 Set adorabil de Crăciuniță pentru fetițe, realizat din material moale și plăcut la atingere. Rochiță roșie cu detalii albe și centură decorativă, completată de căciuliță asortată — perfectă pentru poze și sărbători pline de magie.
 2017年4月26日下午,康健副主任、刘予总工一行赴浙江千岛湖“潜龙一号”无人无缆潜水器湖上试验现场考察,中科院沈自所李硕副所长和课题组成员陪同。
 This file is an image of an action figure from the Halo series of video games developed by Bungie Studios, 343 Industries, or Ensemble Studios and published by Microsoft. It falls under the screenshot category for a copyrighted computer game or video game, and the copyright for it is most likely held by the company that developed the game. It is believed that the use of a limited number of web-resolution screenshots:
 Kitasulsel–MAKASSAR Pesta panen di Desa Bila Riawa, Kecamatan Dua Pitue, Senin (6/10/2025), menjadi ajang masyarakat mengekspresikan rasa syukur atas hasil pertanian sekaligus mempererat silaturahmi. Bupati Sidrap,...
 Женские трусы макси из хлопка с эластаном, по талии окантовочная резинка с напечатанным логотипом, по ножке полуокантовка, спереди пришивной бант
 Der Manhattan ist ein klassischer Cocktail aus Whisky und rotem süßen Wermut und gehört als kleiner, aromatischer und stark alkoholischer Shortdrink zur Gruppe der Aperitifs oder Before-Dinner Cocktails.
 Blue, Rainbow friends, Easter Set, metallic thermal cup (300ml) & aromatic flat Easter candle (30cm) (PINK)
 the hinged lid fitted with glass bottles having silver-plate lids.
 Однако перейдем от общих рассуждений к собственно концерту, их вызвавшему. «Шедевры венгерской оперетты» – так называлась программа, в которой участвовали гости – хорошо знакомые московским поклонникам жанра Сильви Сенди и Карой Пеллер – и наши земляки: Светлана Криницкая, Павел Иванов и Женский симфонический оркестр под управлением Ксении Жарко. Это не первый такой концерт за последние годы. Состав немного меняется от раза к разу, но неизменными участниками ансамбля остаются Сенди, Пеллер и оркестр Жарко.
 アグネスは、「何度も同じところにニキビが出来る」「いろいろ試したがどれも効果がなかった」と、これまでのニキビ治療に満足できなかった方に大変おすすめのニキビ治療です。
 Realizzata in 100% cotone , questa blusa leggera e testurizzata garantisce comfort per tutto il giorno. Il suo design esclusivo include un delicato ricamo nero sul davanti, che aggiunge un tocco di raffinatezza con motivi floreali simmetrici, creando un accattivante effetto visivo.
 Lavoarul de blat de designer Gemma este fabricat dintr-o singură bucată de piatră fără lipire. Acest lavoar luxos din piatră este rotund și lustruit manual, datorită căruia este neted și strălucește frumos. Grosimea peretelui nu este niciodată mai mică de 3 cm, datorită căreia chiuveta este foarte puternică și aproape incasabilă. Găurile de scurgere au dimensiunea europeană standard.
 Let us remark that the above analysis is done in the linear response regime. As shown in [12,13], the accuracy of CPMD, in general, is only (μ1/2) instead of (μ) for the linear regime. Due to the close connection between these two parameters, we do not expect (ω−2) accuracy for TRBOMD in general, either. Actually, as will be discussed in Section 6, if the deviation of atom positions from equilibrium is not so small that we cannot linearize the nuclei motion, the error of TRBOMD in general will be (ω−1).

◆ ◆ ◆

WHAT NEEDS TO BE DONE →
From the records above, transcribe exactly the run of lines that opens with the line holding "Der Manhattan ist" and closes with the line holding "the hinged lid", both included.

ANSWER AREA →
 Der Manhattan ist ein klassischer Cocktail aus Whisky und rotem süßen Wermut und gehört als kleiner, aromatischer und stark alkoholischer Shortdrink zur Gruppe der Aperitifs oder Before-Dinner Cocktails.
 Blue, Rainbow friends, Easter Set, metallic thermal cup (300ml) & aromatic flat Easter candle (30cm) (PINK)
 the hinged lid fitted with glass bottles having silver-plate lids.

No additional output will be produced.